Cash-strapped Ethiopia has secured a $1.5bn debt relief agreement with creditors, its central bank chief said, temporarily easing the country’s financial burden as it seeks a wider funding programme.
The accord was announced on Wednesday by National Bank of Ethiopia governor Mamo Mihretu and confirmed in a statement from the Paris Club of creditor nations on Thursday which described it as an “important achievement”.
“We’ve been able to achieve an interim debt service suspension and therefore able to save around $1.5bn that would have gone to debt servicing,” Mamo told a parliamentary committee.
The finances of Africa’s second most populous country have been hit by the two-year conflict in the northern region of Tigray that ended with a peace deal in November last year.
Ethiopia has said it needs around $20bn to rebuild northern Ethiopia after the war that claimed the lives of around half a million people, according to US estimates.
The landlocked country has about $28bn of external debt and is also grappling with sky-high inflation at and a shortage of foreign currency reserves.
The debt relief agreement was reached with bilateral creditors, including China which has loaned Ethiopia around $14bn according to analysts.
“This debt standstill from Ethiopia’s official bilateral creditors will provide time-limited liquidity relief ahead of discussions on a wider debt treatment,” the Paris club said in a statement.
Landlocked Ethiopia has been in discussions with the International Monetary Fund for a programme of financial support for its economic reforms.

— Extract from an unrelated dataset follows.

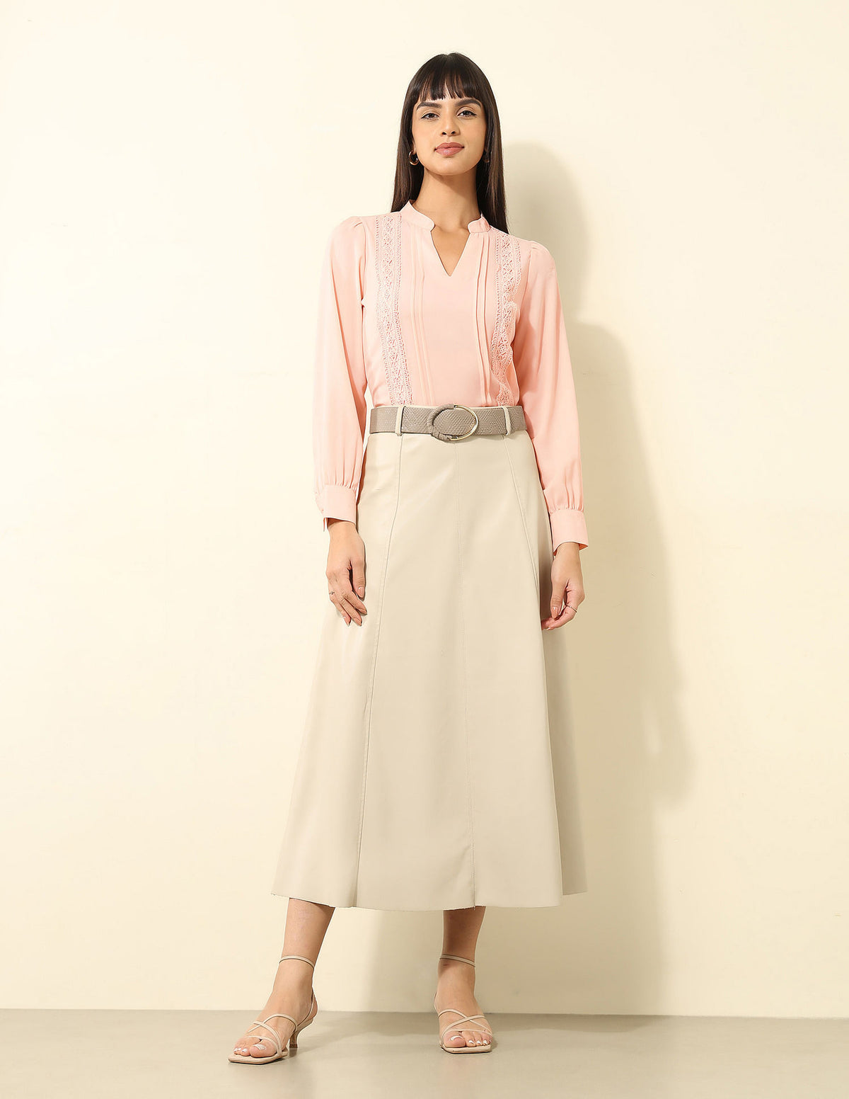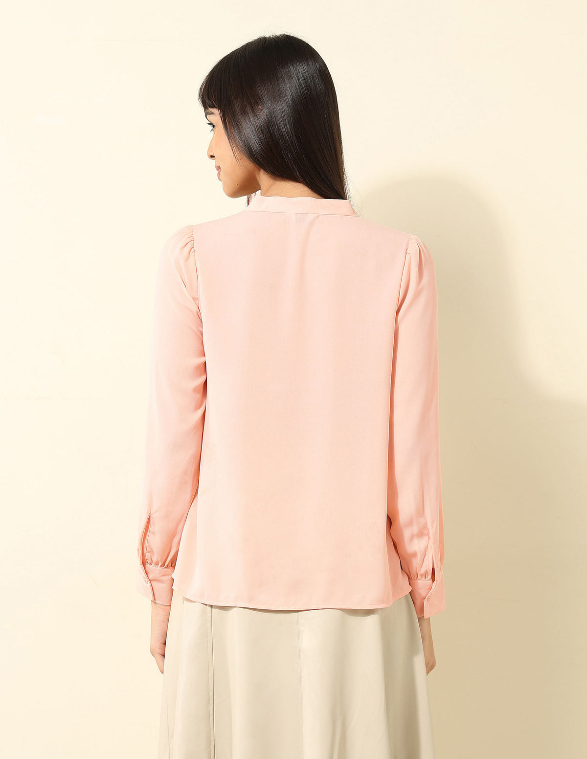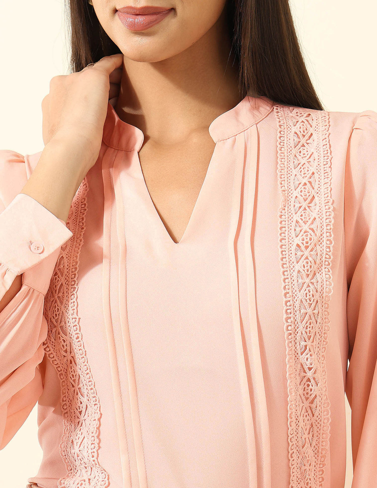 | Mandarin collar | Lace detailed | Long sleeves with elasticized hems | Straight hemline | Solid pattern | Regular weave | Regular fit |

After coming to power in 2018, Prime Minister Abiy Ahmed announced an ambitious reform package to open up the country’s tightly controlled economy.
But the economy has deteriorated sharply in recent years and the will to continue the reforms has largely stalled.
The Fitch Ratings agency earlier this month downgraded Ethiopia’s debt further into junk territory to CC, a level it said “reflects a probable risk of a default event”.